Underground railway station in Germany

Berlin Brandenburger Tor station (Bahnhof Berlin Brandenburger Tor) is an underground railway station in the central Mitte district of Berlin, Germany, located on the Unter den Linden boulevard near Hotel Adlon, Pariser Platz and Brandenburg Gate. It is served by the Berlin S-Bahn and U-Bahn, as well as local bus lines. The station was known as Berlin Unter den Linden from 1936–2009.

==Overview==

Historical station sign of 1936

The station opened on 27 July 1936 in the course of the building of the Nord-Süd Bahn tunnel. Train service discontinued on 21 April 1945 and could not be resumed until 2 December 1946 as the tunnel was flooded.
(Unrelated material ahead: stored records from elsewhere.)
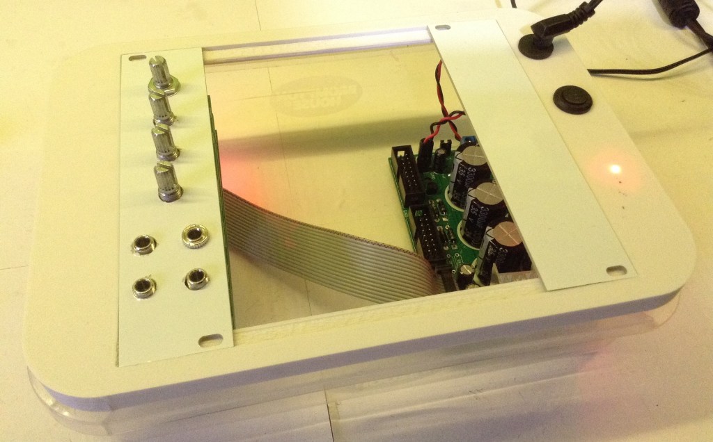 I’ve installed this into my CakeBox 30HP EuroRack Lid. It just needed a couple of holes for a power switch and DC jack socket, which I connected into the screw terminal block on the power supply.
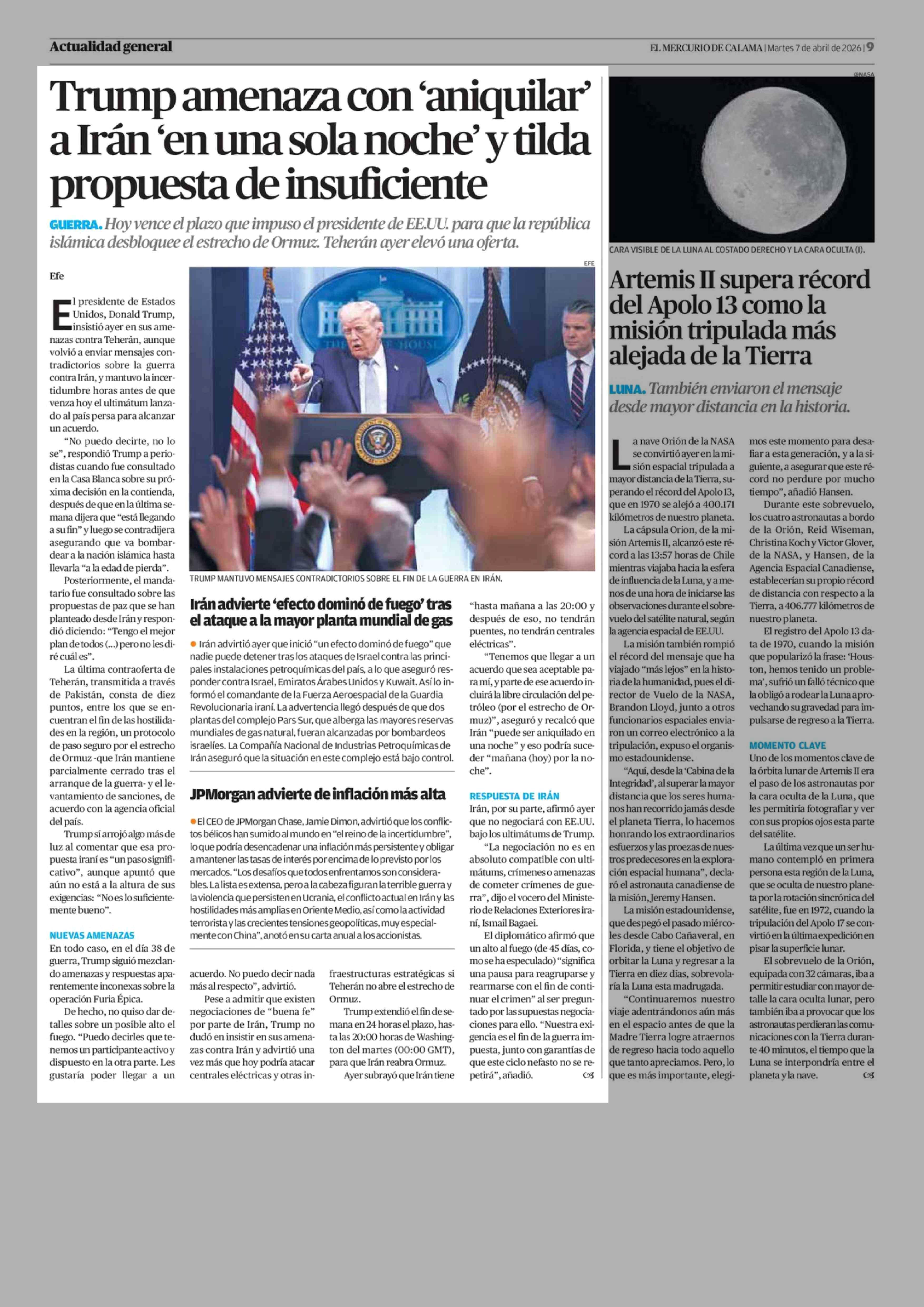 Trump amenaza con 'aniquilar' a Irán 'en una sola noche' y tilda propuesta de insuficiente 07-04-2026 El Mercurio de Calama |
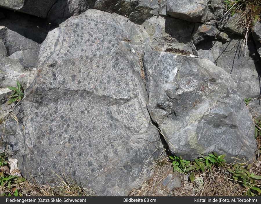 (15/55) Auch graue Fleckengesteine kommen im Västervik-Gebiet vor. Das Bild zeigt einen Aufschluss auf Östra Skälö (Lokalität 3). Ob sich diese Varianten als Leitgeschiebe eignen, ist unsicher. T. Langmann berichtet von Nahgeschieben ähnlicher Fleckengesteine (hellgraue Granofelse mit dunklen Flecken) bei Mästocka, östlich von Halmstad in SW-Schweden.
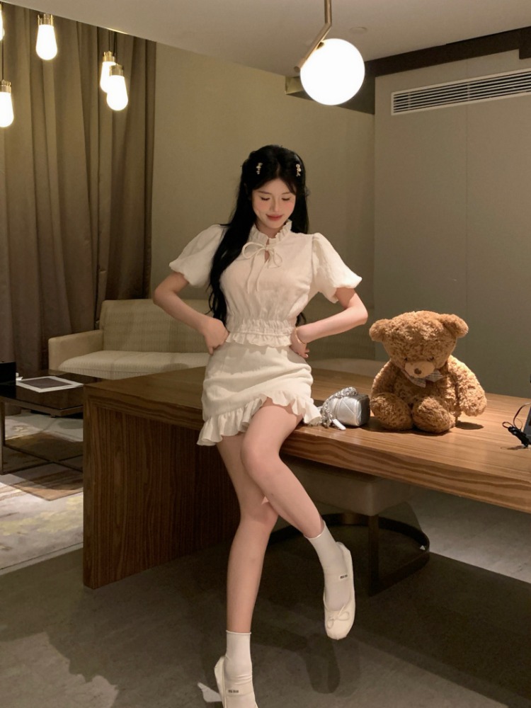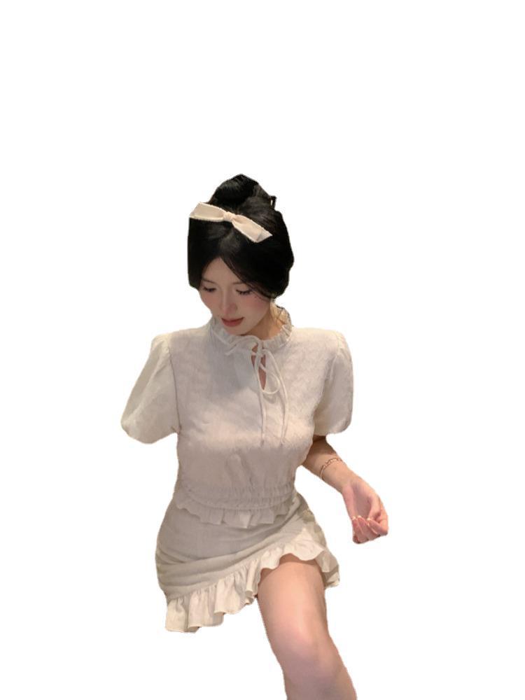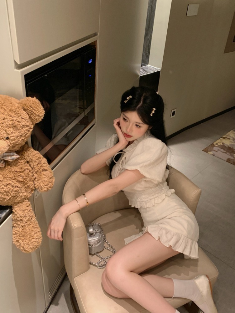 | nameOriginal | Retro Chanel style puff sleeve women's clothing spring new style wooden ear shirt top skirt casual fashion suit |
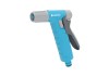 Ergonomiczny zraszacz pistoletowy wykonany z wysokiej jakości tworzyw sztucznych, wyprofilowany w taki sposób, aby dobrze dopasowywał się do kształtu każdej dłoni. Zraszacz z pełną, płynną regulacją strumienia wody. Wygodne uruchamianie zraszacza i blokada strumienia za pomocą przycisku.
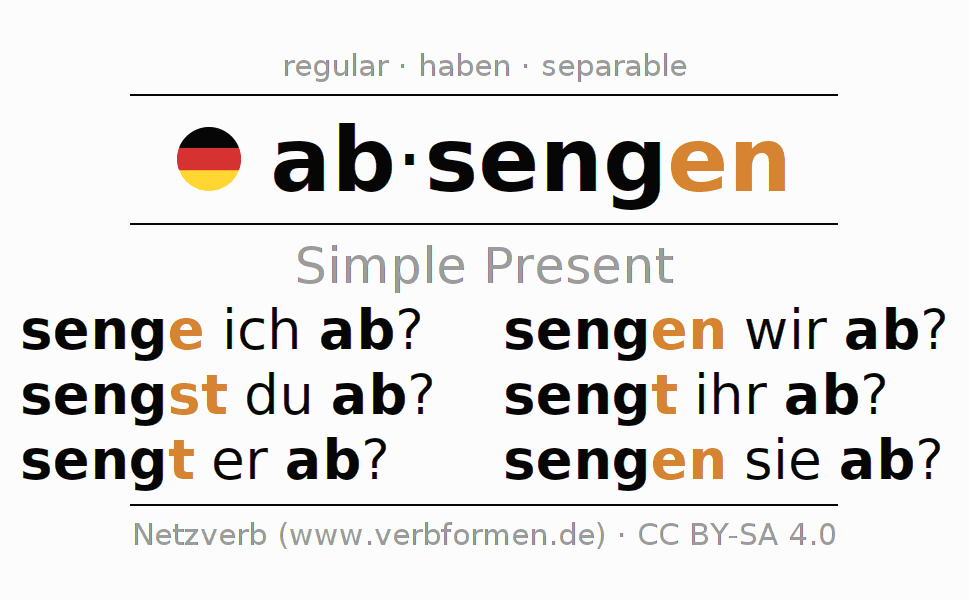 The conjugation of absengen in Present Indicative Presence Active is senge ich ab?, sengst du ab?, sengt er ab?, sengen wir ab?, sengt ihr ab?, sengen sie ab?.The conjugation corresponds to certain grammatical rules. Likewise the requirements for the conjugation of the simple verb forms of absengen in Present. Comments ☆

The station was again closed with the construction of the Berlin Wall on 13 August 1961 and for decades became one of Berlin's ghost stations, as while both terminals of the Nord-Süd railway line were located in West Berlin, the station itself was located in the East. Unter den Linden later reopened on 1 September 1990, one month before the German reunification.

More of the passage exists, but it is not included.